LOL - try turning 40. :P
seriously, what killed me was hearing the music that my friends and i listened to in a spirit of total rebellion against society getting played on "resurrection flashback sunday" - in other words, alernative oldies.
dude...we're still cursing about new wave and now you're calling us alternative??? or, like, hearing bands i slam-danced to [like flipper] called things like "the grandfathers of grunge", shit like that. ugh. at least give me another ten years before calling me a grandfather...
anyway...join the crowd of cool people who didn't die before they got old. and go easy on those 20-somethings. at some point, they're going to grow up into the people who have to change our bedpans.
I really appreciate this post because I've fallen into that trap myself. Currently I'm 26, and feel like I should be living my life differently somehow. How disgusting that I didn't even realize it was something that had been implanted into my brain. BLEAH!!!

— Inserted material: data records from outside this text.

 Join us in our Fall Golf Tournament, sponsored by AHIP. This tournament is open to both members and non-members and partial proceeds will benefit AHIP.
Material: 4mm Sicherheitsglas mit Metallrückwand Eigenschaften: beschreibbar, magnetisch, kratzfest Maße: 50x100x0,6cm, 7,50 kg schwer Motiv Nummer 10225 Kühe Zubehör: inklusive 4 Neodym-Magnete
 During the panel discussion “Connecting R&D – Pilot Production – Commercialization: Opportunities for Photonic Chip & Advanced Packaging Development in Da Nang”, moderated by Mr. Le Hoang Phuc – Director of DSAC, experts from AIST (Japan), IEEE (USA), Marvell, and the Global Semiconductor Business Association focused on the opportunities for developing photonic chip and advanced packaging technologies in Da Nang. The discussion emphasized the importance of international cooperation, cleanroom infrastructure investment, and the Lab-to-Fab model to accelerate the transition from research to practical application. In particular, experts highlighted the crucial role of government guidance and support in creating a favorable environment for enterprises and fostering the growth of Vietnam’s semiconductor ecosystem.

Rock on! I love your blog. I just turned 28 and agree with your sentiments on flaky 21 year olds and having your shit together now. I've heard the 30's is the best decade of one's life and i can't wait to hit it.

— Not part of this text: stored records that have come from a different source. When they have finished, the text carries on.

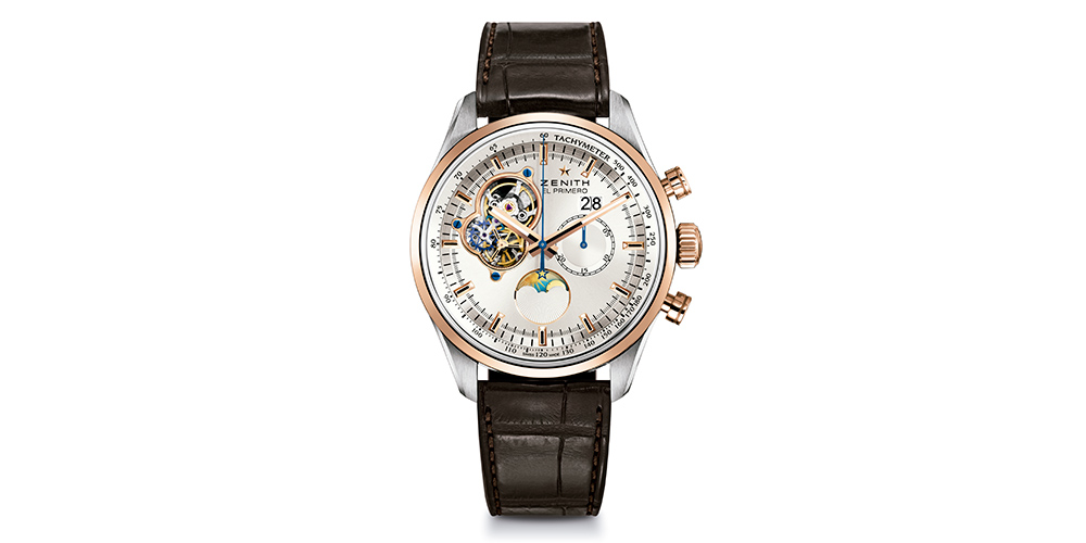 This chronograph is El Primero with date and moon complications. It presents a steel case with bezel and pink gold winder.
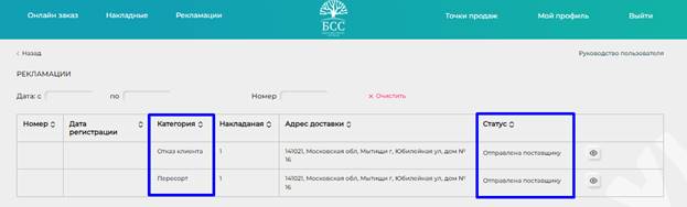 «Отказано» - поставщиком отказано в удовлетворении рекламации (рисунок 9.6.2).
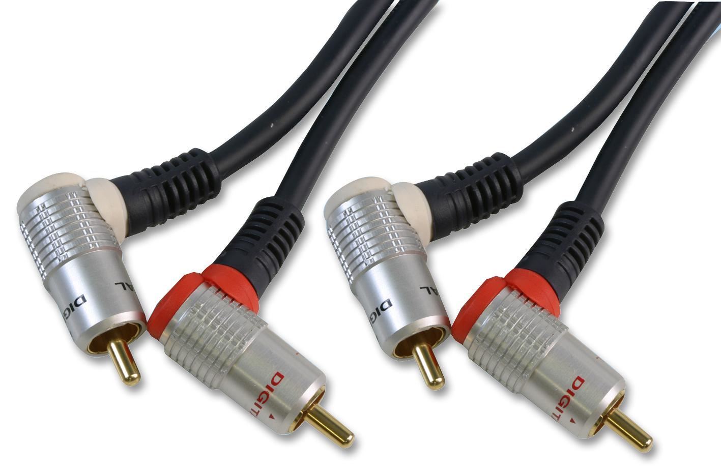 Câbles de haute qualité avec 2x fiches Phono (RCA) à 90° pour des interconnexions audio stéréo. Comprennent un code couleur, des contacts plaqués or et des câbles OFC.
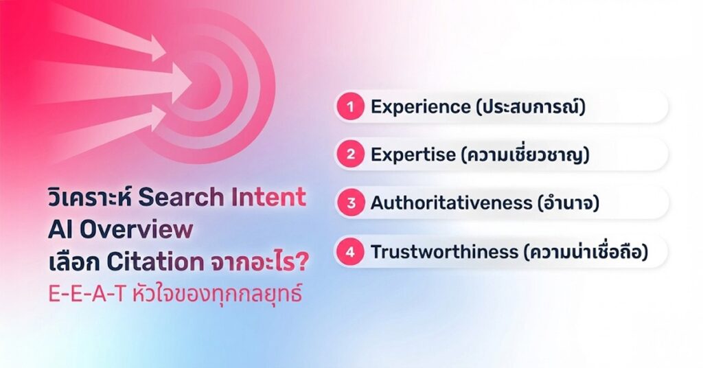 ปัจจัยพื้นฐานที่ Google ย้ำมาตลอด คือ E-E-A-T (Experience, Expertise, Authoritativeness, Trustworthiness) ซึ่งในยุค AI Search นี้มีความสำคัญเพิ่มขึ้นเป็นทวีคูณ
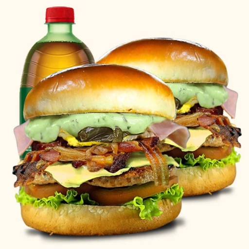 Pão, 2 carnes de 56g, queijo, presunto, ovo, bacon, alface, tomate e cebola caramelizada
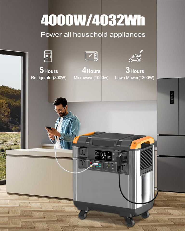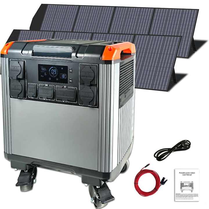 Générateur solaire portable 4000W, station d'alimentation LiFePO4 pour la maison, le camping-car et les activités de plein air
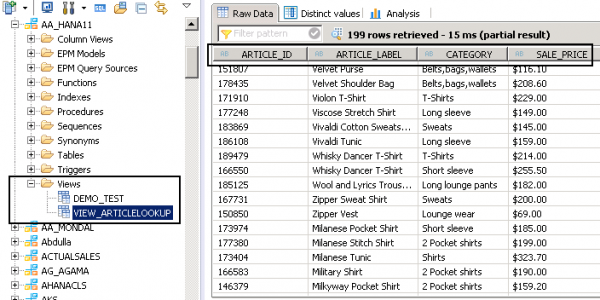 create view view_Articlelookup as select ARTICLE_ID,ARTICLE_LABEL,CATEGORY,SALE_PRICE from "AA_HANA11"."ARTICLE_LOOKUP";
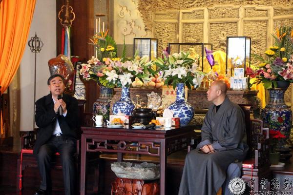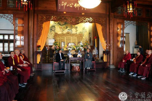 浙江省佛教协会会长、本山方丈怡藏大和尚与郭志国处长一行在颂古堂亲切交谈,并详细介绍了雪窦山资圣禅寺的悠久历史和丰富的文化底蕴。

If you're ever in the St. Louis area, try Vintage Vinyl in the Loop. It still maintains a fairly decent atmosphere (with consideration of pretentious snob factor permeating every proper music store).
I feel you though. I may wholly believe that we should age into ourselves, gracefully accept the limitations of growing older, but I am simultaneously buying Oil of Olay and rubbing it into my blossoming crow's feet. And I'm still perusing the Junior's section wondering why my breasts don't fit comfortably into the tiny, flat cups made for little girls.
20's?
I enjoyed them. A time without responsibility.....maybe not always such a great thing, hence the annoying sight of 'kidults' these days.

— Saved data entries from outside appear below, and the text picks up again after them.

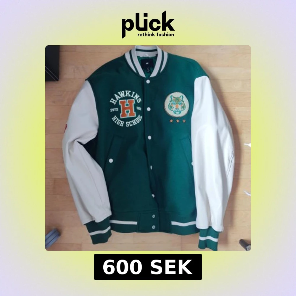 Säljer en grön och vit bomberjacka från H&M med 'Hawkins High School' och 'Stranger Things' broderat. Jackan har långa ärmar och knappar framtill. Perfekt för fans av serien! Köpt för 2 år sedan använd typ 1-2 ggr, helt perfekt skick. Öppen mot bud
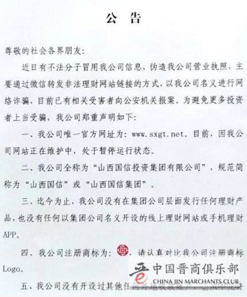 近日,山西国信集团发布一则公告显示,因有不法分子冒用山西国信集团信息,伪造公司营业执照,主要通过微信转发非法理财网站链接的方式,以公司名义进行网络诈骗,目前已有相关受害者向公安机关报案,为避免更多投资者上当受骗,特发郑重声明。
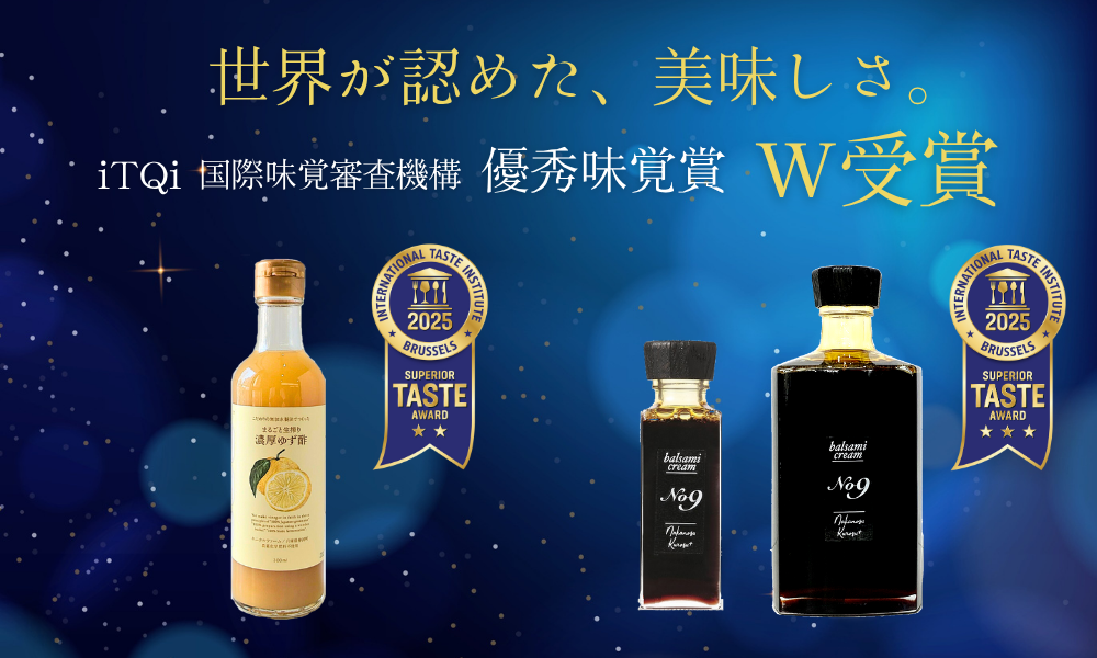 「バルサミクリームNo.9」および「まるごと生絞り濃厚ゆず酢」が iTQi(国際味覚審査機構)優秀味覚賞を受賞しました。

But hey, at least we were lucky enough not to face bullets.
Before my head goes on the chopping block. Let me say that not all folks in their early 20-somethings are flaky and irresponsible. However, there seems to be a dangerous trend in the majority of that age group that obsesses on celebrity worship and instant gratification that hasn't been seen in previous generations. Many cultural studies scholars have written essays about these trends, and their prognosis for the future of this early 20-something generation is not good. Thankfully, there are a portion of young people with good heads on their shoulders, and they will need them, because they will have to pull the rest of their generation from a horrible fate. Personally, I don't envy those bright folks.
30 something? I remember being 30 something. I think. Never mind. Have fun getting old. I did. Still am. 'N I'm still flaky!!!
Teenagers are worse in England! A boy at the top of my street is 15 and a alcoholic. Dad let him sleep on our sofa one night as his parents locked him out. Mum was not pleased! She did make him some breakfast though. I don't think many people care anymore no matter how old they are, which is very sad. How can someone give up at 15?